The quickest way to take advantage of today’s strong feeder calf prices is to hold off selling calves at weaning, and grow out your calves to heavier than normal weights.
The beef market is changing and ranchers must critically examine their business plan moving into the next cattle cycle.
For 30 years prior to 2006, the beef industry operated with corn prices in the $2-$3/bu. range. During that time, the big discussion was how much corn was in government storage and what would be the release price. With relative steady corn prices, producers had a good feel for cost of gain (COG), which allowed them to focus management attention on the cattle cycles’ impact on cattle prices and drought’s impact on forage production.
Ethanol altered that scenario in late 2006, and corn prices became much more volatile for the next seven years (Figure 1). Corn prices rose into the $5 to $8/bu. range, and record corn prices were set in 2007, 2008, 2010, 2011 and 2012, with a near-record price in 2013.
Study the statistical trend line in Figure 1 and note the years when corn price was above or below that trend line. The result was that cash grain farming skyrocketed after 2006, drawing pasture and forage land into corn production, and prompting the liquidation of many beef cowherds.

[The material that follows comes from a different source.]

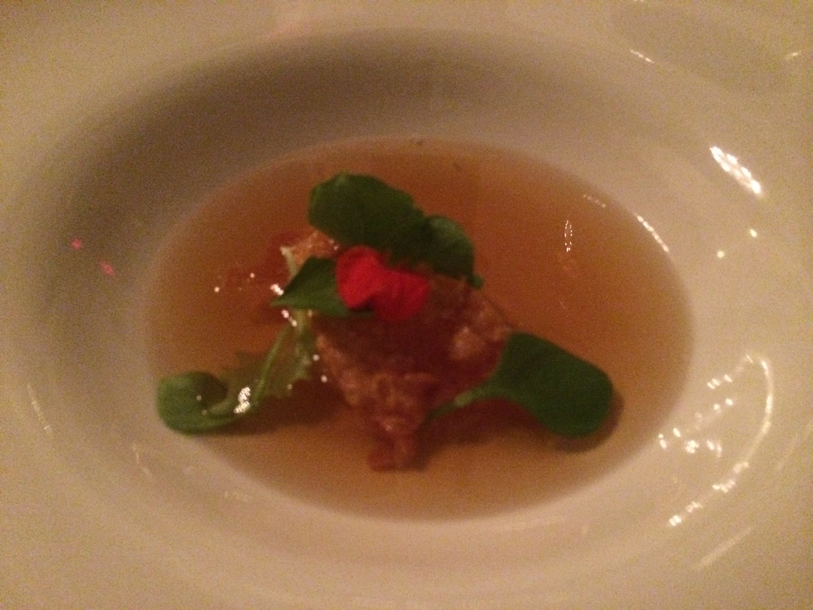 A jazzed up version of Chicken noodle soup (minus the noodle). Sous-vide egg yolk remained gelatinous in the consommé and the crispy skin added the savory and crunchy texture it needed to become a “sophisticated” soup. The lemon notes in the bread awakened as you continually dunk it within the consommé. Perhaps I was a bit distracted but the greens didn’t serve a purpose for me other than adding color for the dish. After the take away, we were then immediately introduced to our fourth dish of the tasting menu…

In early 2006, I predicted another 10-year cattle cycle with increasing cow numbers. In the last half of 2006, however, when ethanol came on the scene in a big way, the game changed. Instead of increasing cattle numbers, the cattle cycle was broken and cattle numbers headed down (Figure 2).
Since late 2006, COG rose rapidly and became all-critical to economic survival. Growing weaned calves on grain generally was uneconomical. And volatile corn prices made it difficult to predict COG and thus to plan any profitable multiple-year marketing strategy. Note that the last cattle cycle peak was in 1995 and the industry is now in the 14th year of decreasing cow numbers.
After the 2006 game change due to the rise in grain prices, producers’ emphasis changed to growing weaned calves on forages, rather than on grain. That high COG, coupled with a major drought in 2012, helped continue the downward trend in beef cow numbers, which today are at a 60-year low (Figure 2).
Of course, fewer cows produce fewer calves, and today’s tight feeder calf numbers are impacting the beef industry’s infrastructure. The result is that some feedlots are closing while others are operating at lower capacity. Packers are also feeling the numbers pinch, as Cargill closed its Plainview, TX, plant last year, and National announced its closure later this spring of its Brawley, CA, beef processing plant.
Though it’s unlikely we’ll see $2-$3/bu. corn, USDA is projecting $4-$5 as the new “normal,” and the corn futures market reflects this range well into 2016. The result is that, once again, economists are predicting that ranchers will increase beef cow numbers.
Does this signal that it’s time for another producer game change? What will be the “production game” in an era of $4-$5/bu. corn under normal growing conditions? Can growing calves on grain once again compete as a profitable marketing option?
As ranchers begin to expand by holding back heifers for breeding, the feeder calf supply will continue to decrease. This should fuel added competition by feedlots for cattle placements. This, in turn, will spur producers’ intentions to expand.
However, the speed of expansion is limited by the biology of the beef cow. Each heifer held back will be at least two years old before she bears her first calf.
The traditional cycle will return
Based on these trends, I predict that the traditional cattle cycle of 9-11 years will return. Based on past historical cattle cycles, we’ll spend about five years building the national herd, and roughly the next five years after that to take it back apart, only to start the whole process over again. In the meantime, national droughts will alter this process whenever a drought occurs.
The quickest way to take advantage of today’s strong feeder calf prices is to hold off selling calves at weaning, and grow out your calves to heavier than normal weights. Current feeder cattle markets are rewarding producers who grow calves to heavier weights.
My mid-March price analysis confirms strong prices for all feeders (Figure 3, red price line). Figure 3 also depicts my calculated statistical price line for mid-December 2013 (yellow line). Most of the price premium since December 2013 has come on lighter-weight feeder steers, but heavier-weight feeder prices are also record high.
This month’s mid-March price analysis shows 800-lb. steers at $175/cwt.; 850-lb. steers at $168; 900-lb. steers at $162; and 925-lb. steers at $155/cwt. My 2013 backgrounding budgets for high rates of gain are the most profitable. Southern Plains cattlemen marketing heavyweight wheat-pastured cattle in March 2014 are enjoying the record prices.
My calculated feedlot profits for March 2014-finished cattle are at or near record levels for finished cattle. Feedlots making money appear to be willing and able to bid aggressively for replacements. I predict that heavyweight feeders will remain favorably priced for the next several years due to excess feedlot capacity.
The game change for this year, and for the next few years, is to market heavier backgrounded feeder cattle. This marketing strategy should work to ranchers’ advantage for the next several calf crops.